# would you shoot him



## SR-1 (Jan 9, 2011)

got this buck on camera would you shoot him opening day?


----------



## utahgolf (Sep 8, 2007)

if you have to ask than you should pass and then tell me the location of this dandy buck! ;-)


----------



## SR-1 (Jan 9, 2011)

utahgolf said:


> if you have to ask than you should pass and then tell me the location of this dandy buck! ;-)


Haha I just wanted to see what you guys thought of him. I have been watching him the last few weeks and if he keeps up his routine he is going to be in trouble opening morning.


----------



## LostLouisianian (Oct 11, 2010)

No because his antlers are not 100% symmetrical, he has one semi undescended testicle, he has a slight under bite and he's been eating herbicide treated foliage that is deficient in selenium and there is no magnesium sludge lick around for him to load up on.


----------



## RandomElk16 (Sep 17, 2013)

LostLouisianian said:


> No because his antlers are not 100% symmetrical, he has one semi undescended testicle, he has a slight under bite and he's been eating herbicide treated foliage that is deficient in selenium and there is no magnesium sludge lick around for him to load up on.
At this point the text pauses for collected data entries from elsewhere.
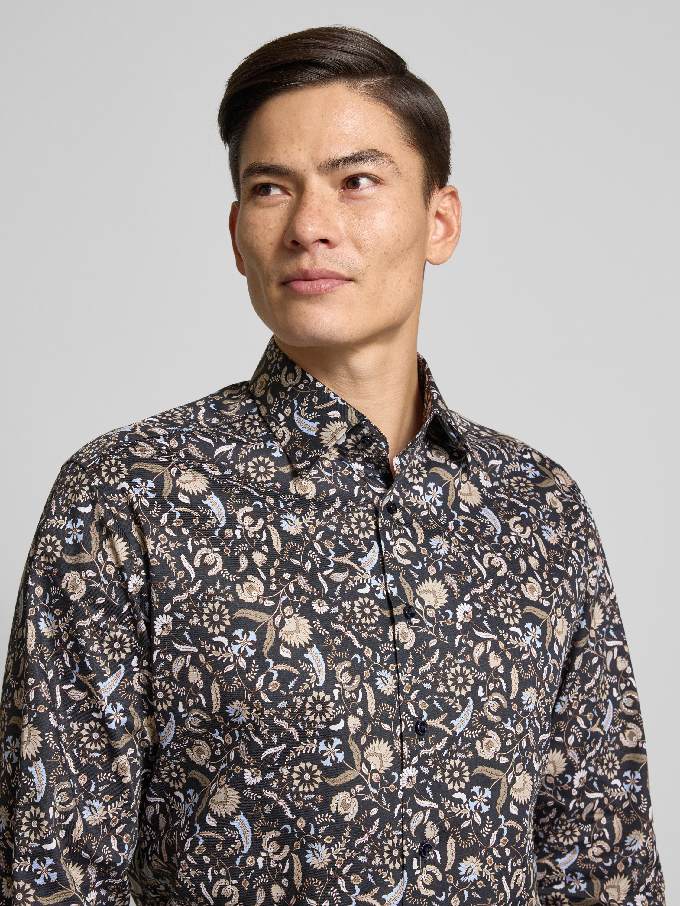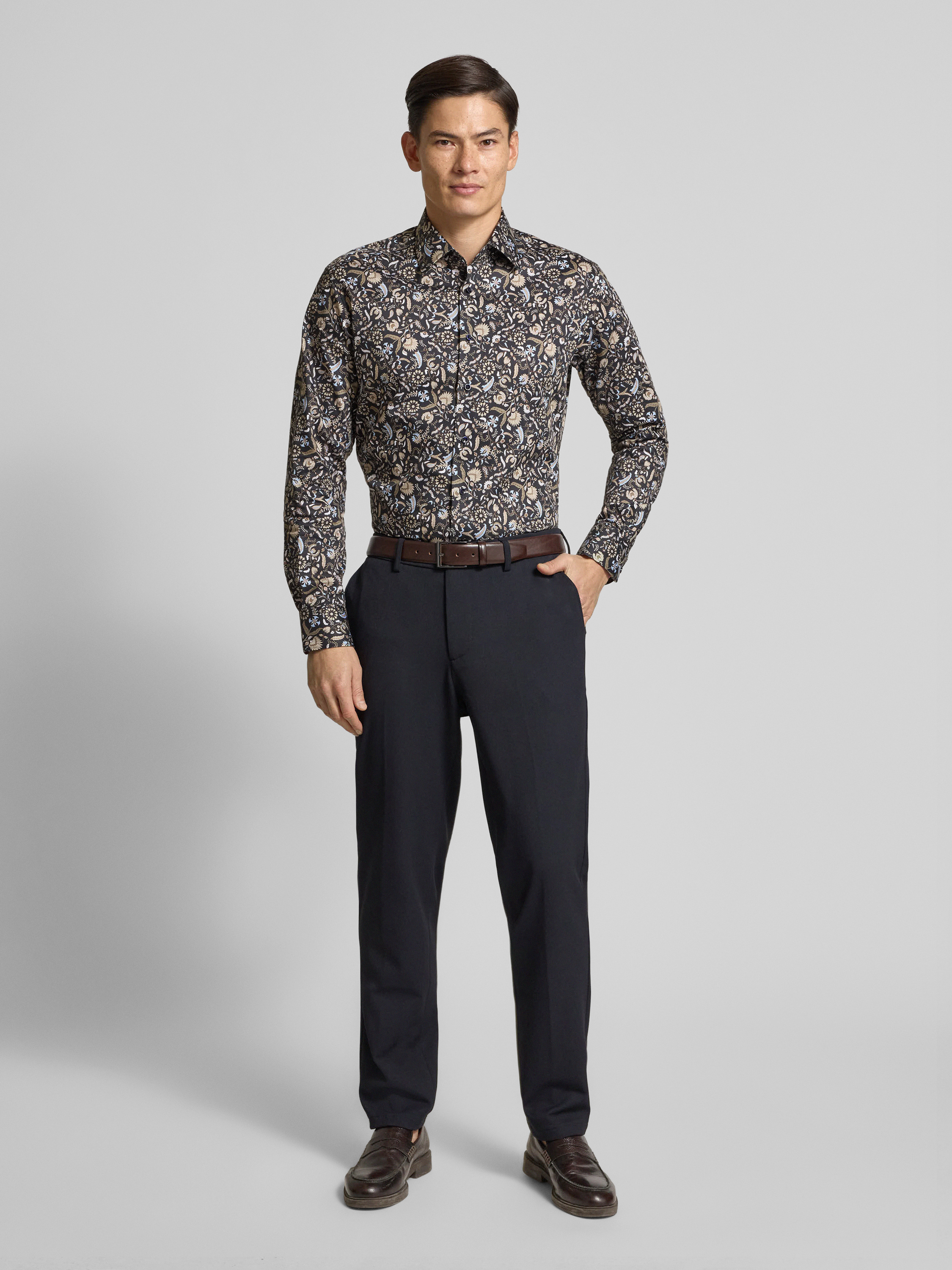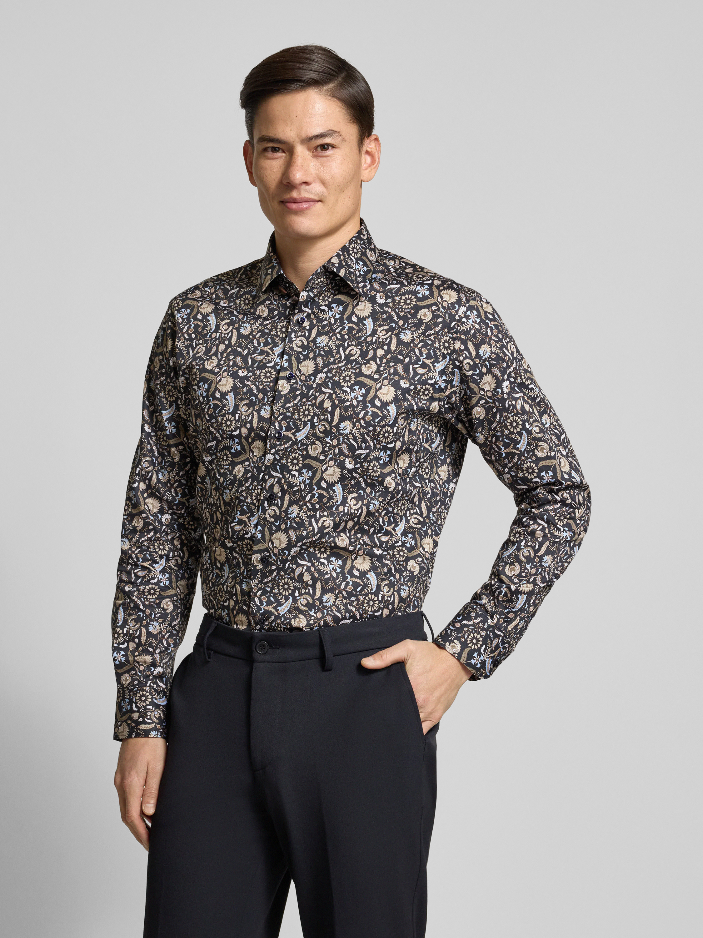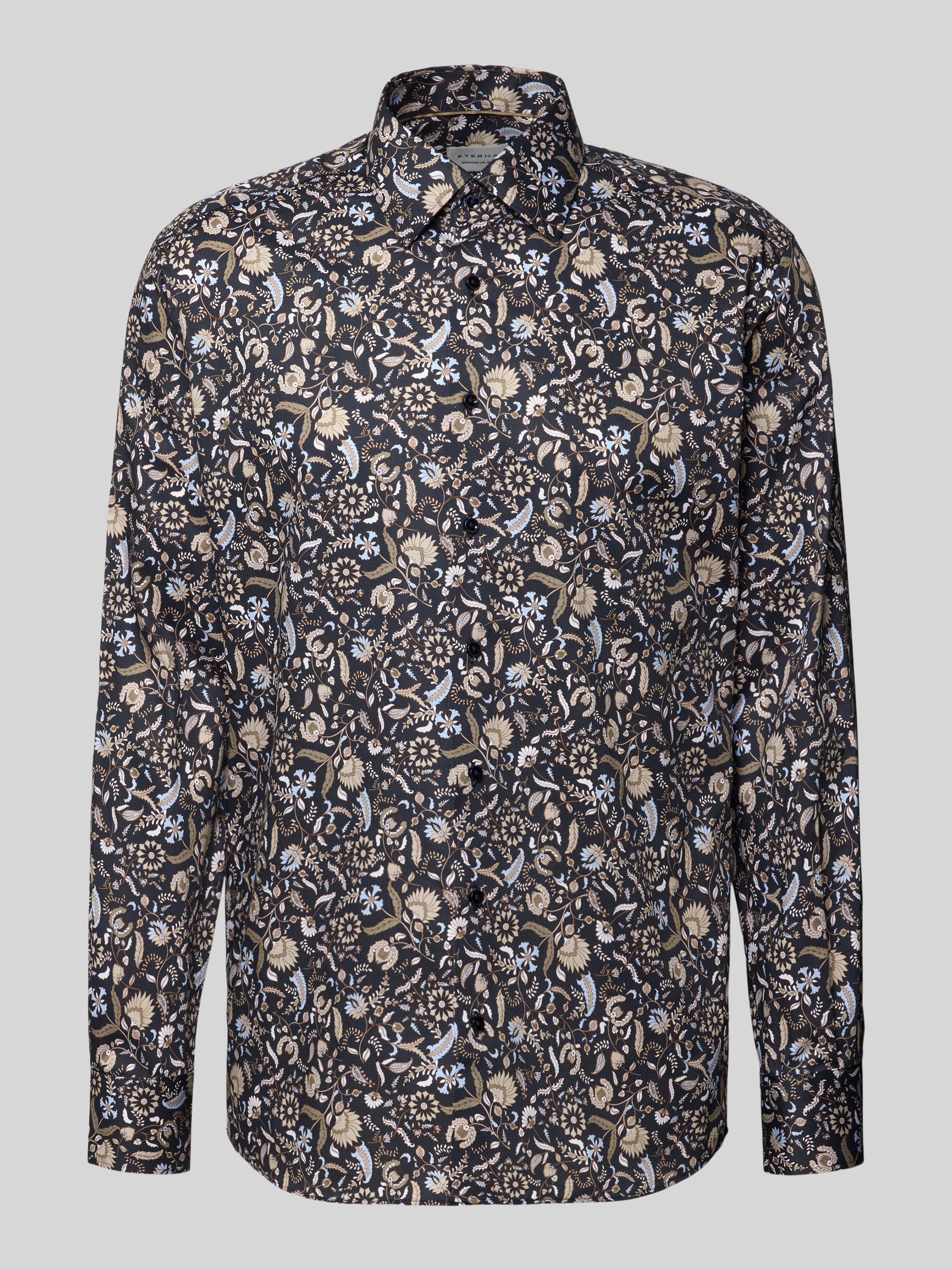 ETERNARegular fit zakelijk overhemd van katoen met kentkraag in marineblauw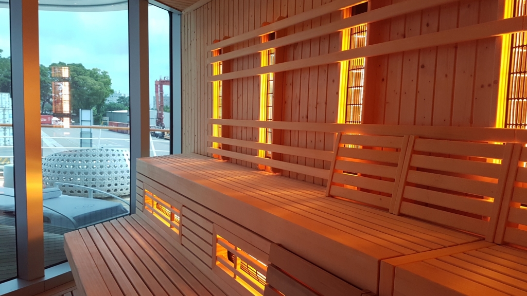 Con 55,254 toneladas , diseñado y pensado para tan solo 750 huéspedes, este barco que solo cuenta con suites con balcón , mantiene uno de los indices mas altos de espacio y tripulantes por huéspedes.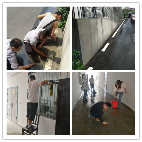 修建中心工程队的小伙子们拿着工具把外围墙面、道路的边边角角整理一新;绿保服务中心的洒水车把实验物质部外围墙面、道路清洗干净;楼道里,实验物质部的同志和物业中心的兄弟姐妹们一铲、二洗、三清洁。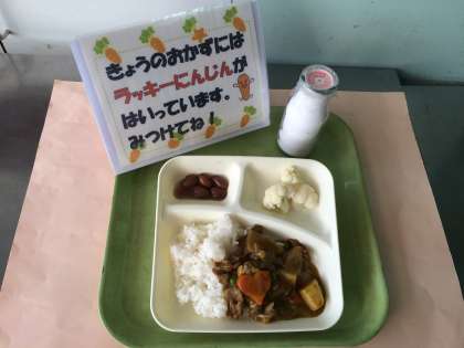 「ビーフカレーライス、カリフラワーのサラダ、うずら豆のグラッセ、牛乳」です。うずら豆のグラッセは、柔らかく煮たうずら豆に、砂糖・塩・バターで味をつけました。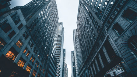 Dramatic vertical perspective of skyscrapers surrounded by stunning architecture in an urban cityscape under a cloudy sky. Captivating geometric view.

I believe he also has 3 nipples... and his antlers are made of cactus...

I would shoot this buck, without any thought whatsoever.


----------



## Lonetree (Dec 4, 2010)

LostLouisianian said:


> No because his antlers are not 100% symmetrical, he has one semi undescended testicle, he has a slight under bite and he's been eating herbicide treated foliage that is deficient in selenium and there is no magnesium sludge lick around for him to load up on.


And some people told me you were incapable of learning. Proved them wrong didn't ya? ;-)


----------



## polarbear (Aug 1, 2011)

Nice buck SR-1. I hope you get him.


----------



## dkhntrdstn (Sep 7, 2007)

he would never see another sec of that day


----------



## ridgetop (Sep 13, 2007)

personally I wouldn't. Not to say that's not a great buck because it is. In fact, it will easily make the record books.
I hope you can get in on him.
My standards are just a little higher than that, this time in my life and I don't believe in lowering my standards because it's archery. Archery, muzzy or rifle, the buck still needs to be the same standard for me to put a tag on.
Now if it happens to be the last weekend of the rifle hunt and I have my son with me and he wants me to shoot it. Then that buck will be filling the freezer and antlers mounted on my garage wall will all the other racks about its same size.
Good luck next week.


----------



## GaryFish (Sep 7, 2007)

What if he is locally famous, and named Cecil?


----------



## Mr.CheddarNut (Jan 16, 2013)

Yup!

Cheddar


----------



## Billy Mumphrey (Sep 5, 2012)

Based on past experience I wouldn't shoot him...I'd shoot AT him and then retrieve my arrow from those pines behind him.


----------



## Nambaster (Nov 15, 2007)

yes


----------



## LostLouisianian (Oct 11, 2010)

Billy Mumphrey said:


> Based on past experience I wouldn't shoot him...I'd shoot AT him and then retrieve my arrow from those pines behind him.


Absolute best post on this topic ever !!!!!!!!! <<--O/ -_O-


----------



## bigbuck81 (Oct 10, 2007)

Brought tears to my eyes fellas! Good stuff!


And yes, unless you're holding a Premium LE tag he's a shooter!


----------



## ridgetop (Sep 13, 2007)

bigbuck81 said:


> Brought tears to my eyes fellas! Good stuff!
> 
> And yes, unless you're holding a Premium LE tag he's a shooter!


WOW.
It looks like your standards are not as high as I thought for the Vernon.
Which is not a knock by any means, just saying with lower standards, you will probably enjoy your hunt a little more.
BTW, that buck pictured.
20-22" wide and scores around 150".


----------



## chuvak (Dec 26, 2014)

Personally, I wouldn't shoot him. I agree with ridgetop he's not more then 22" wide and id even day a little less then 150. Personally I wouldn't.. But if YOU think he's a shooter then go for it!


----------